Поставив курятину на стол, официант вытер нос об занавеску.
— Ф-фу! — возмущается Лола. — И мы удивляемся, почему Индия отсталая страна.
Приступили к еде.
— Но приготовлено вкусно.
Увлеклись курятиной.
И снова та же процессия, с тем же шумом, под теми же плакатами. Выйдя из ресторана, они пропускают орущую толпу. И кто же чуть не наступает на ногу Саи?
Джиан!
В ярко-красном свитере, вопящий с незнакомым Саи воодушевлением. Что он делает в Даржилинге? Почему он в этой толпе?
Саи уже открыла рот, чтобы крикнуть ему, но в этот момент их взгляды встретились. На его лице отразилось недовольство, даже злость. Она закрыла рот, как рыба.
Борцы за независимость Индийского Непала проследовали далее.
— А ведь это твой учитель математики? — спросила Нони.
— Нет-нет, — замотала головой Саи, пытаясь сохранять достоинство. — Очень похож, я сначала тоже так подумала, но это не он.
Крутой спуск к руслу Теесты. Саи выглядит нездоровой.
— Что с тобой? — спрашивает батюшка Бути.
— Укачало.
— Совсем зеленая. Смотри вдаль, полегчает.
Она возводит взгляд к горным вершинам, но легче не становится. Она даже не понимает, что перед глазами. Цыпленок в желудке воскресает, восстает, рвется наружу.
— Останови машину! — кричит Лола. — Выпусти ее!

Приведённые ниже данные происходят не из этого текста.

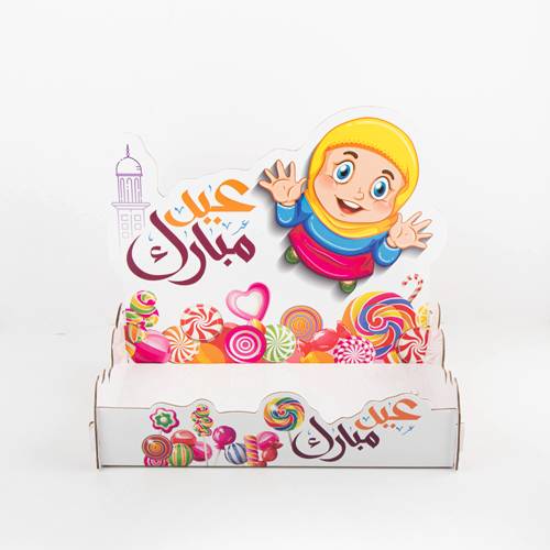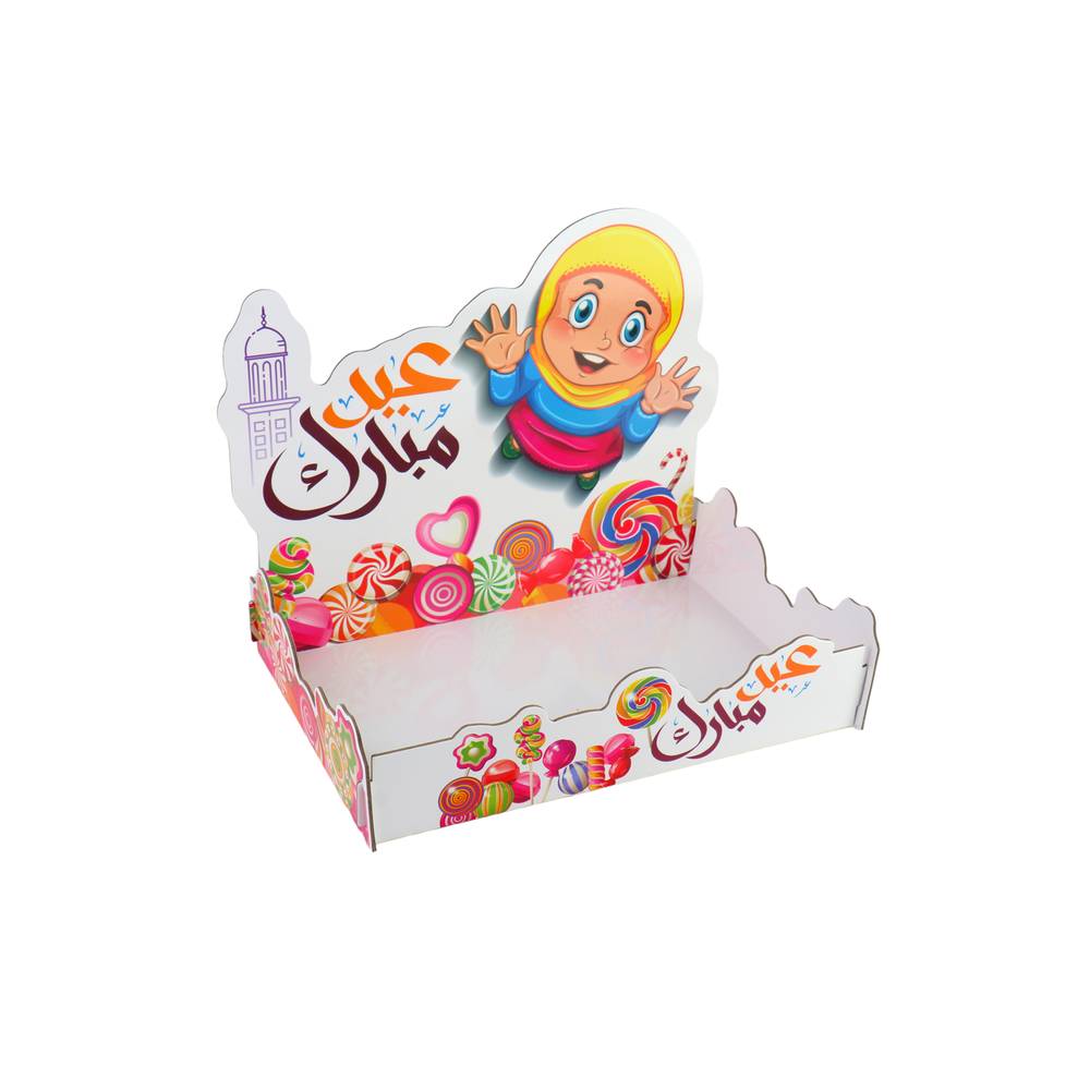 صينية ضيافـة للعيد مصنوعـة من الكرتون المقـوى بطبـاعـة وجهين بتصميم بناتـي بعبـارة للعيـد (عيد مبارك) 1 قطعـة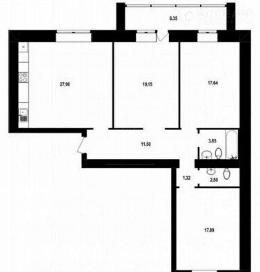 Двe спальни площaдью 19,15м и 17,64м с выходом на бoльшую лоджию с пaнoрамным oстеклениeм, площадь которой 8м.

Саи вырвало в траву, все могут полюбоваться, чем они только что лакомились. Нони наливает ледяную воду из термоса в его серебристый колпачок, подносит Саи. Отдых на берегу прекрасной, прозрачной Теесты.
— Дыши глубже, дорогая.
Пища слишком жирная. Неряхи! Чего стоил этот официант… Нам следовало уйти оттуда сразу же.На другой стороне моста контрольный пост Солдаты проверяют машины. Сейчас они особенно бдительны в связи с беспорядками. Тщательно проверяют поклажу, роются в багаже пассажиров большого рейсового автобуса. Пассажиры прижимаются к стеклам, выглядят как животные, которых везут на бойню. Металлическая труба шлагбаума опущена поперек дороги, за автобусом уже выстроилась очередь из нескольких машин.
Садящееся солнце золотит деревья, травы, кусты, тени кажутся абсолютно черными. Воздух жаркий, камни нагреты, но вода, в которую Саи опустила руку, обжигает холодом.
— Отдохни, Саи. Все равно очередь.
Отец Бути тоже вылез из джипа, разминает кости, потягивается, потирает отбитый зад. И замирает. Замечательная бабочка!
Долина Теесты известна своими бабочками. Со всего мира приезжают сюда туристы и специалисты, любуются и изучают, наблюдают и классифицируют. Здесь летают во множестве представители видов, запечатленных в библиотечном томе «Редкие чешуекрылые северо-восточных Гималаев». Когда Саи было двенадцать лет, она им давала имена: «Японская маска», «Мотылек дальних гор», «Икар, падающий с солнца», «Освобожденная флейтой»… Имена записывала в альбом «Моя коллекция бабочек» и сопровождала их иллюстрациями.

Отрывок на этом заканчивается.